Historian Bruce Lenman characterised the backbone of the rising as 'Patriotic Scots and Disgruntled Britons'. The government commander, the Duke of Argyll warned his own side that 'Beyond the Forth the rebels have a hundred to one at least against us'. The Union was in serious danger.

Argyll seized the strategically vital ground around Stirling, but he was heavily outnumbered. Then at the battle of Sheriffmuir, when all seemed lost, Mar lost his nerve and suddenly withdrew. The belated landing of the Pretender couldn't retrieve things, and the leaders of the rising fled ingloriously to France.
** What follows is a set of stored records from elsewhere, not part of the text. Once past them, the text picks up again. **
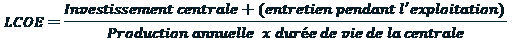 Le coût de revient, aussi appelé LCOE, se calcul de la manière suivante :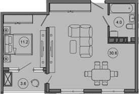Квартира этаж 2, площадь 49.40 м2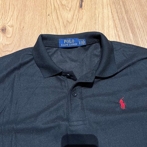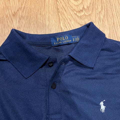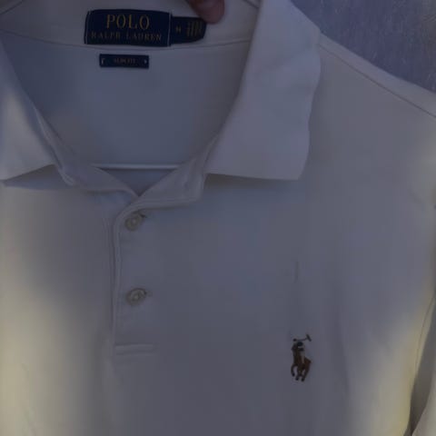 Selger en hvit Polo Ralph Lauren polo med mørk logo på brystet. Enkel og tidløs modell som passer til mye.

The 1715 was like no other Jacobite rising since Killiecrankie. It was totally indigenous to Britain and not started from abroad. It was also the only occasion when a sizeable rebellion also broke out in England - in heavily Catholic and financially broke Lancashire.

This was not a phenomenon of a backward rural people rising for archaic notions of loyalty to the King over the water.

The moment had passed, however, and the exiled Stuarts now became no more than useful pawns in foreign hands. The next European power to play the Jacobite card was Spain in 1719.

Unluckily for the Spanish, their main invasion fleet was destroyed by a storm before it ever set sail for England. Only a tiny diversionary force made it to the north-west of Scotland. There they garrisoned the ancient fortress of Eilean Donan but were scattered by the energetic response of the local Hanoverian commander at the battle of Glen Shiel.

Lowland Scotland had settled down under a Hanoverian regime, which though sometimes unloved, did not move it to outright revolt. Faced with the Stuart association with foreign enemies, most Scots preferred to keep a hold of their Hanoverian nurse 'for fear of finding something worse'. But what George II and his ministers could not inspire was enthusiasm, and this was to prove near-calamitous when the Jacobite card was played again.